Our Research

The Lamba Lab’s research focuses on the retina which is the main light-sensing region of the eye. The retina is subject to a variety of inherited and acquired degenerative conditions which lead to blindness due to loss of the light-sensing cells called photoreceptors. Like other regions of the CNS, loss of photoreceptors in the mammalian retina is not associated with any effective regeneration from resident cells. During his PhD and post-doctoral training, Dr. Lamba worked on developing and perfecting an approach towards pluripotent stem cell-based therapy for retinal degenerations due to photoreceptor cell loss (Lamba et al., PNAS 2006, Lamba et al., Cell Stem Cell 2009).

The Lab have been working on two broad areas: (a) feasibility and hurdles to photoreceptor replacement therapy and (b) modeling retinal degenerations in vitro.

Barriers to cellular integration

We and others have demonstrated morphological and functional integration of primary mouse photoreceptors, as well as hESC-derived retinal photoreceptors into the retinae of mouse models of retinal degeneration. However, the efficiency of integration is low, with transplanted cells representing less than one percent of all cells in the host retina. Enhancing integration capacity is thus critical towards development of successful therapies for vision loss. One of the key projects in the lab was to identify immune-modulatory factors that can promote a pro-repair retinal microenvironment which can contribute to regenerative success. Working in collaboration with Dr. Jasper’s lab which has expertise in Drosophila repair mechanisms, we identified and characterized an evolutionarily conserved immune-cell secreted immune-modulatory factor, MANF (Mesencephalic Astrocyte-derived Neurotrophic Factor). We show that MANF promotes alternative activation of the microglia and macrophages leading to a pro-repair phenotype in flies and in mice. Exogenous supplementation of recombinant MANF was neuroprotective in multiple mice models of retinal degeneration. More importantly, MANF supplementation promoted integration of exogenous mouse photoreceptors and improved functional integration in a degenerative host environment. This report was recently published in Science (Neves et al. Science 2016).

We have another project looking into cell rejection as a barrier to successful photoreceptor integration. Though the retina has classically been considered immune-privileged, recent reports suggest that this privilege may only be relative and get further compromised following retinal degeneration-associated inflammation and remodeling. Using mice lacking natural killer cells which are involved typically in transplant rejection, we show that human photoreceptor integration capacity can be significantly improved. This has also allowed us to now look at long-term functional integration. We observed restoration of light sensitivity in congenitally blind mice as far out as 9-months post injection. This report was recently published in Cell Stem Cell (Zhu et al. Cell Stem Cell 2016).

Future Directions: We are continuing our efforts to identify and break various critical barriers to effective integration of transplanted cells.

Disease Modeling in vitro and Drug Discovery Platform

One of the other major efforts in the lab has been to use human pluripotent stem cell-derived retinal tissue for modeling various aspects of diseases in vitro. Our initial efforts have been focused on Age-related macular degeneration (AMD). AMD is a multifactorial polygenic disease closely associated with chronic environmental stress and aging for which there are no effective treatments especially for the more common dry-form of the disease. One of the projects in the lab was to develop an in vitro chronic stress model using human pluripotent stem cells-derived retinal tissue to gain insight into stress signaling over weeks of oxidative stress. In the resulting manuscript, we show that the human stem cell system had distinct advantages over immortalized lines which have previously been used for such studies. We also identified dynamic changes in the effector response of the NRF2 signaling pathways and microRNA changes associated with it. Finally, we identified a small molecule partial-agonist of the pathway which was protective against oxidative stress damage (Garcia et al. IOVS 2015).

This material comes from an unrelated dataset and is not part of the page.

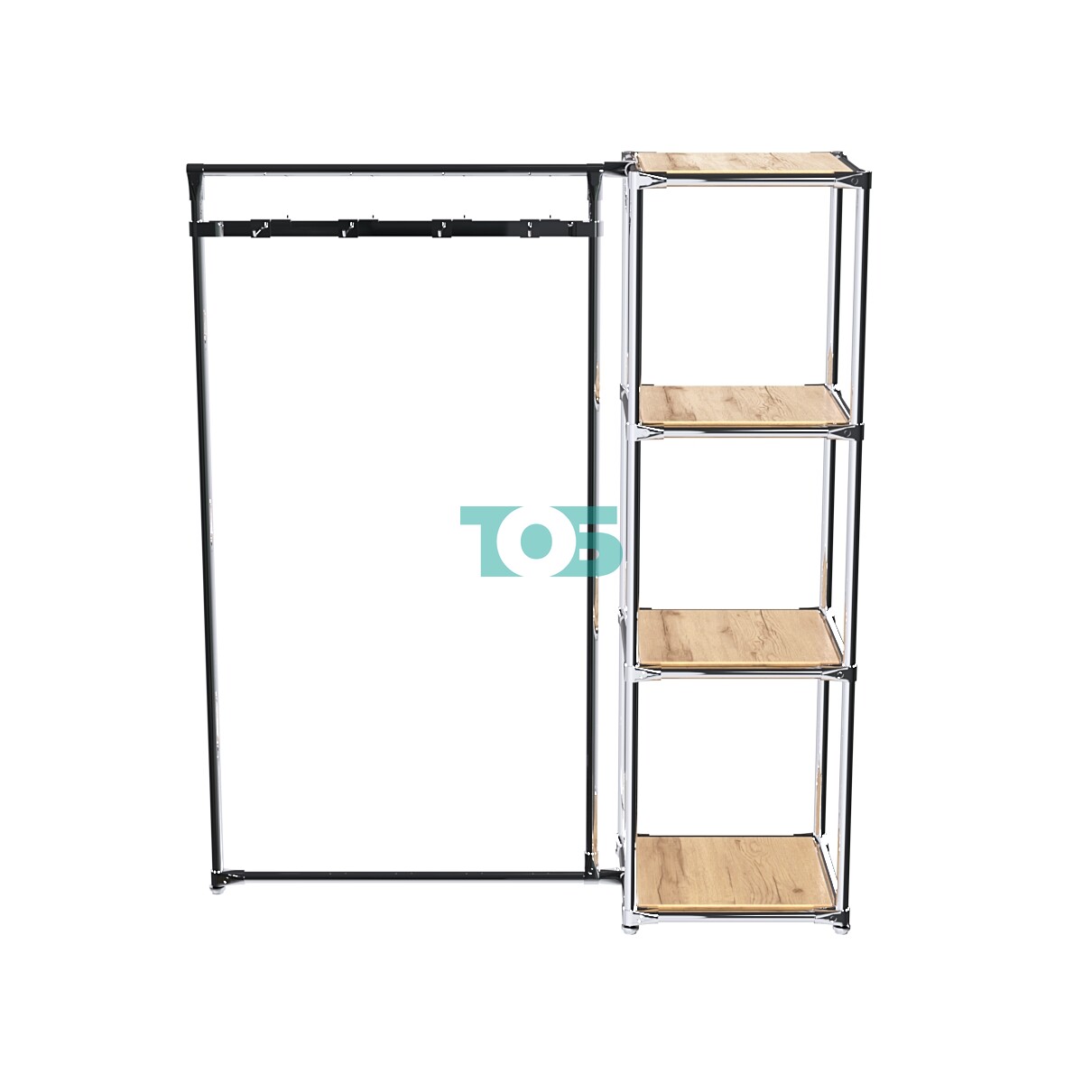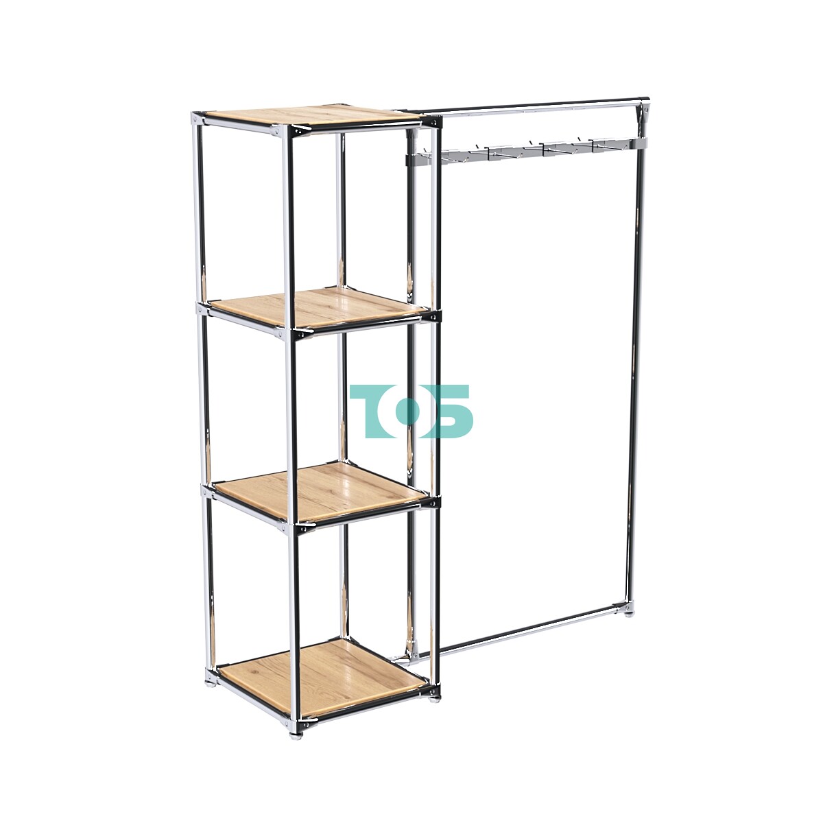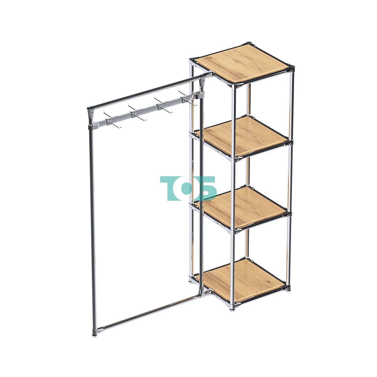 Прямоугольная хромированная штанга в левом крыле: Идеальна для крючков или кронштейнов на квадратную трубу, при этом штангу можно регулировать по высоте в зависимости от габаритов товара, а также добавлять или убирать дополнительные элементы.
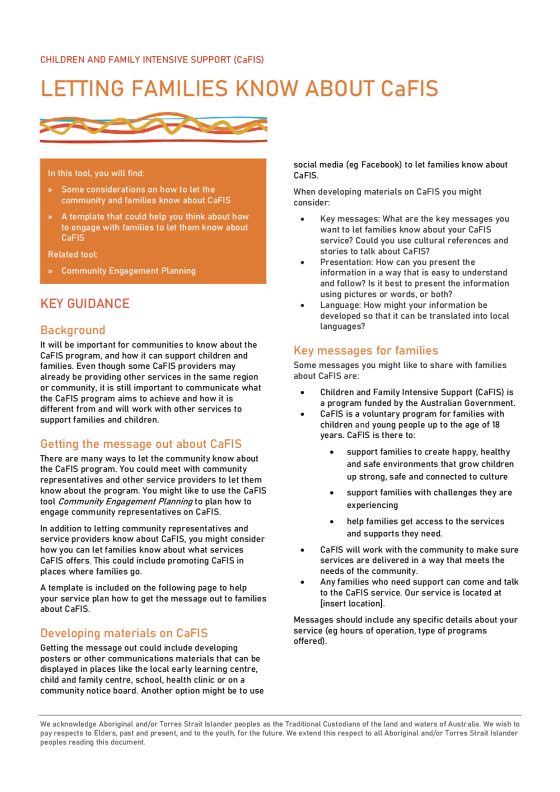 - A template that could help you think about how to engage with families to let them know about CaFIS

Future Directions: We are further continuing our efforts in disease modeling. We have ongoing projects using bioengineered scaffolds as well as new in-lab 3D printing technologies using custom generated hydrogel bioinks. We plan to use these approaches to look at inter-tissue interactions between the various layers in the eye including neural retina-RPE interactions and retina microglial/macrophage interactions. These combined with iPSC technologies to test cross-pathogenesis under diseased conditions will be a critical tool towards better disease models and provide better educated approaches towards therapies. Towards this, we are already working on proteomic and secretomic characterization of iPSC-retina following stress.

In addition, we have embarked on newer projects incorporating 3D retinal organoid systems. We are combining them with genome editing technologies using CRISPR/Cas9 to understand retinal development and create efficient 3D models for disease pathogenesis studies. Starting out with mouse embryonic stem cell-derived retina, we plan to move these technologies to human retinal 3D tissues as well to generate SNP-specific disease models.